Try it: Please give the lines below again exactly as they stand, from the one that contains "в торговой точке." up to and including the one that contains "Artist Statement: Just", leaving all pictures out.

Listed entries:
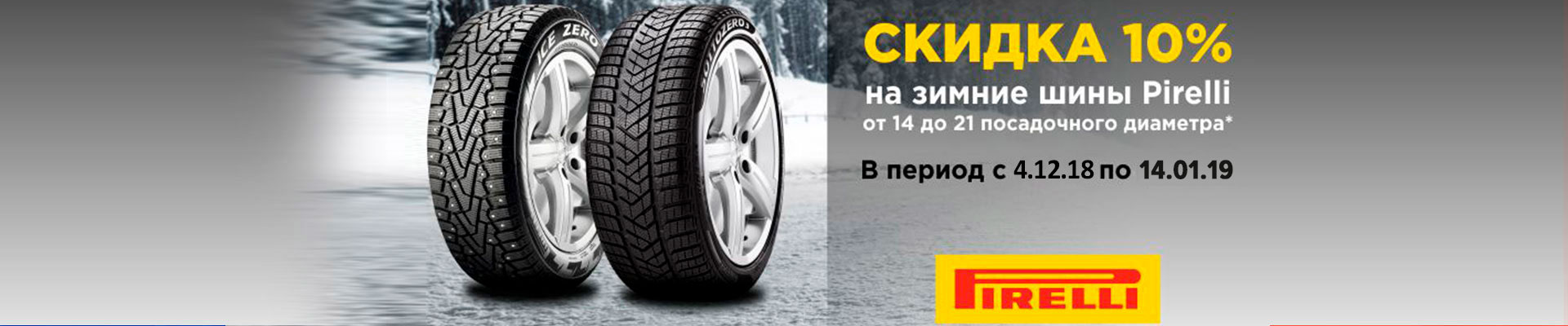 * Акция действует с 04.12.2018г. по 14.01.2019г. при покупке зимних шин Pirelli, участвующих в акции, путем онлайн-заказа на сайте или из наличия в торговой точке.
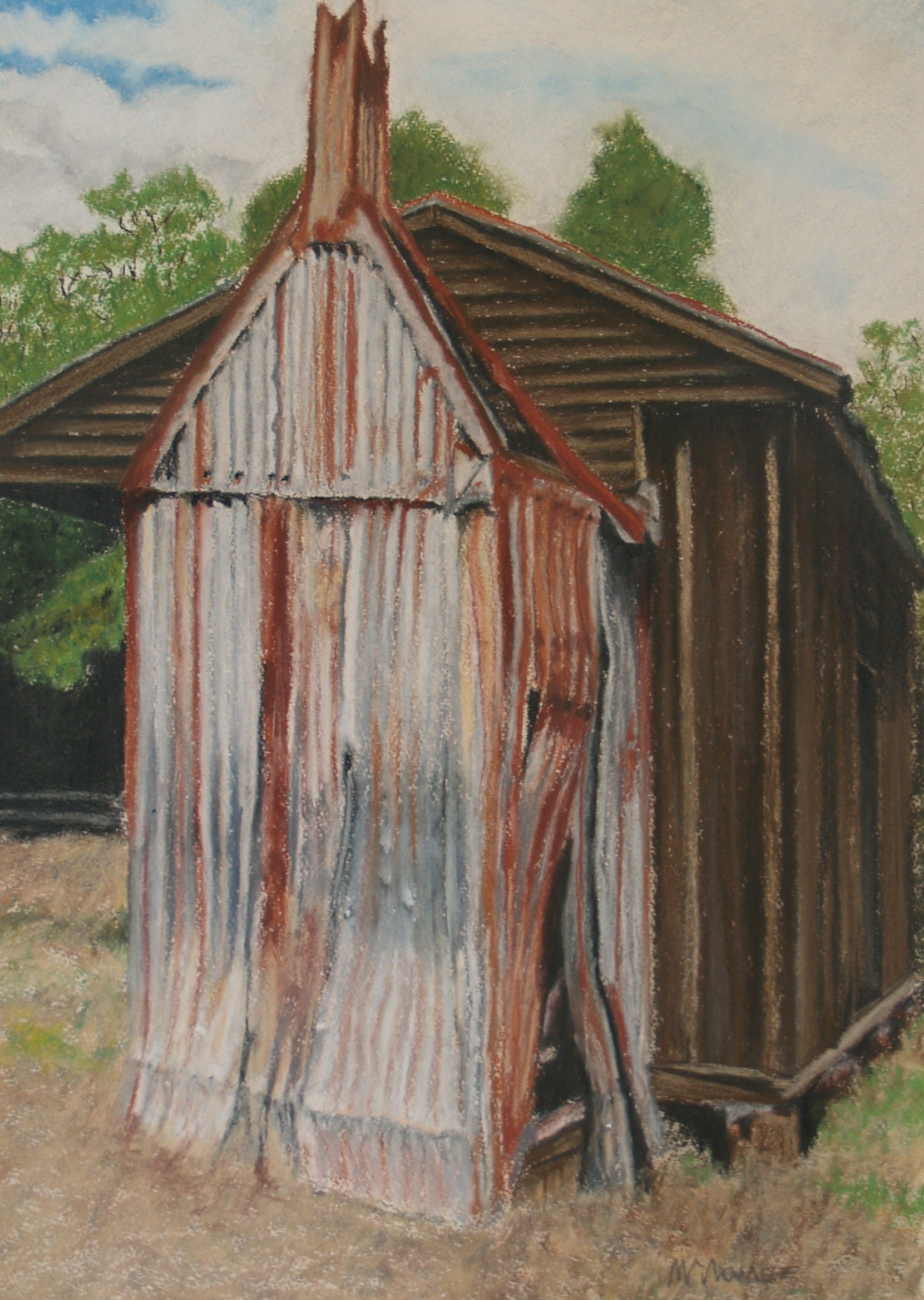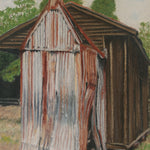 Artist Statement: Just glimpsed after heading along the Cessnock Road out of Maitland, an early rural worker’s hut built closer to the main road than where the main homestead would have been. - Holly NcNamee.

--

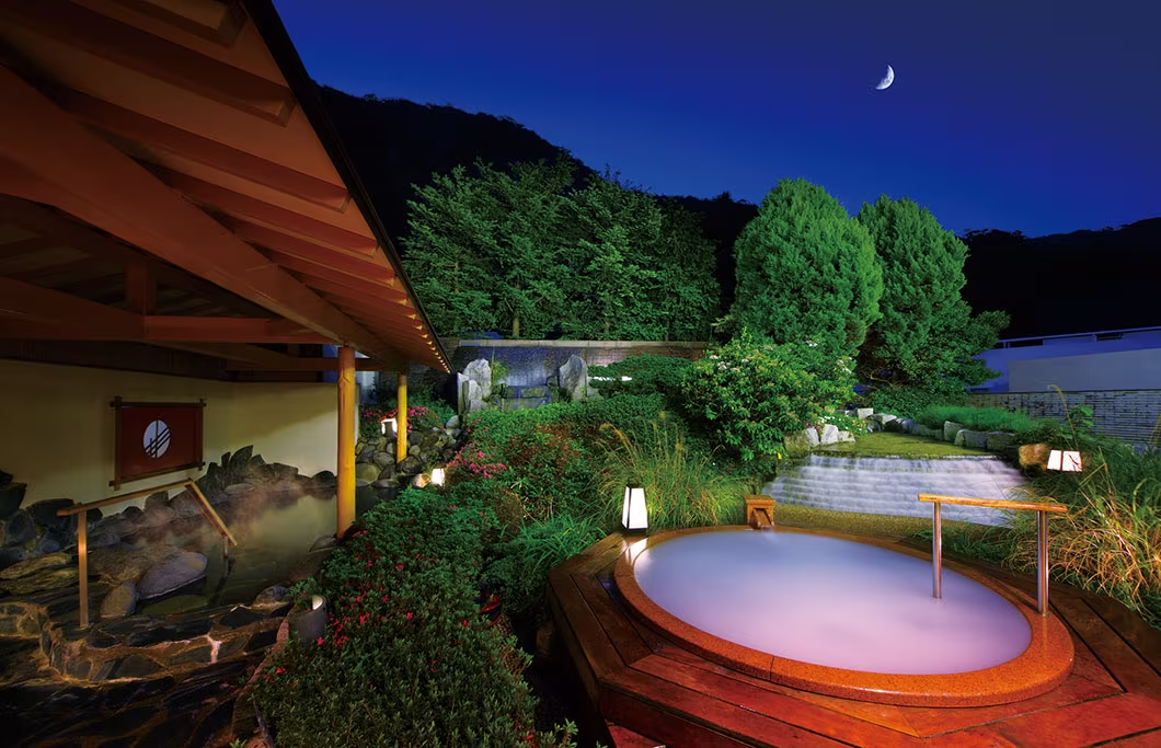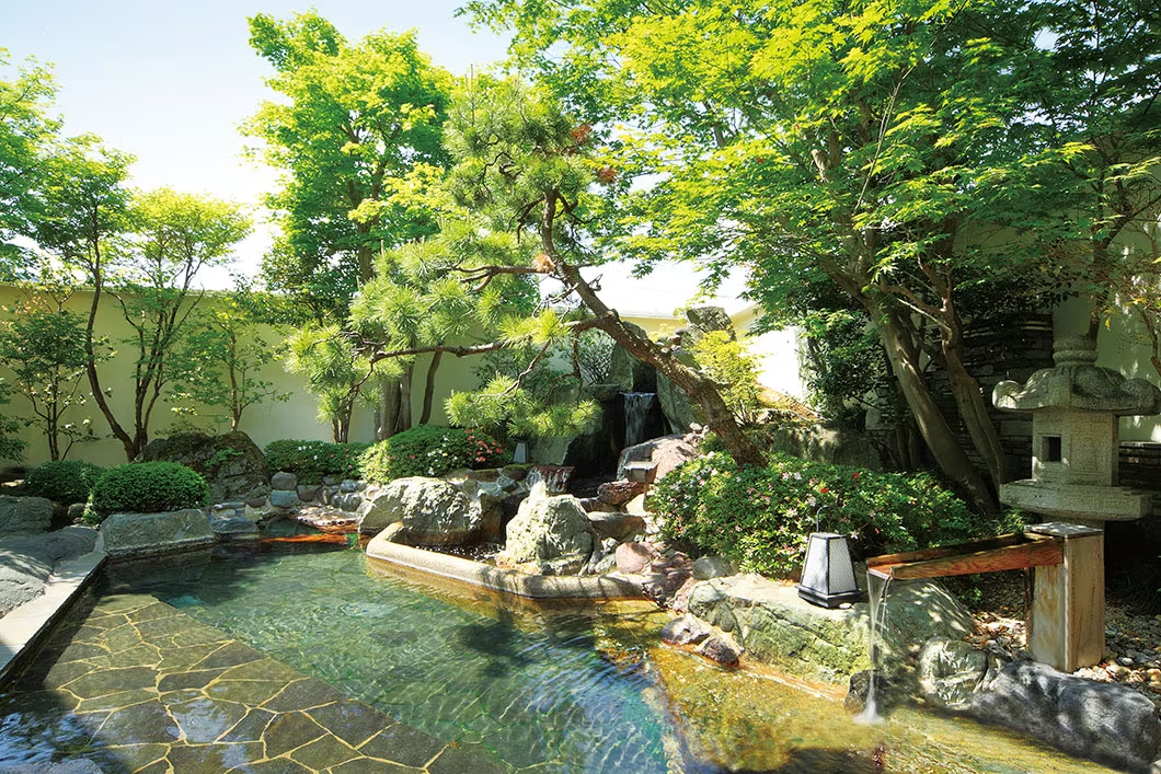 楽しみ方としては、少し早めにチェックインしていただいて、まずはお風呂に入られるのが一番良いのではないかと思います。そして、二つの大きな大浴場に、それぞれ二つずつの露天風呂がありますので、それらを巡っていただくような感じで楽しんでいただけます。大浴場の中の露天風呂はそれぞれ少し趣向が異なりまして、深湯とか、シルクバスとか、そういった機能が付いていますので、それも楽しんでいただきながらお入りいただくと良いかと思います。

Solution for this task:
 * Акция действует с 04.12.2018г. по 14.01.2019г. при покупке зимних шин Pirelli, участвующих в акции, путем онлайн-заказа на сайте или из наличия в торговой точке.
 Artist Statement: Just glimpsed after heading along the Cessnock Road out of Maitland, an early rural worker’s hut built closer to the main road than where the main homestead would have been. - Holly NcNamee.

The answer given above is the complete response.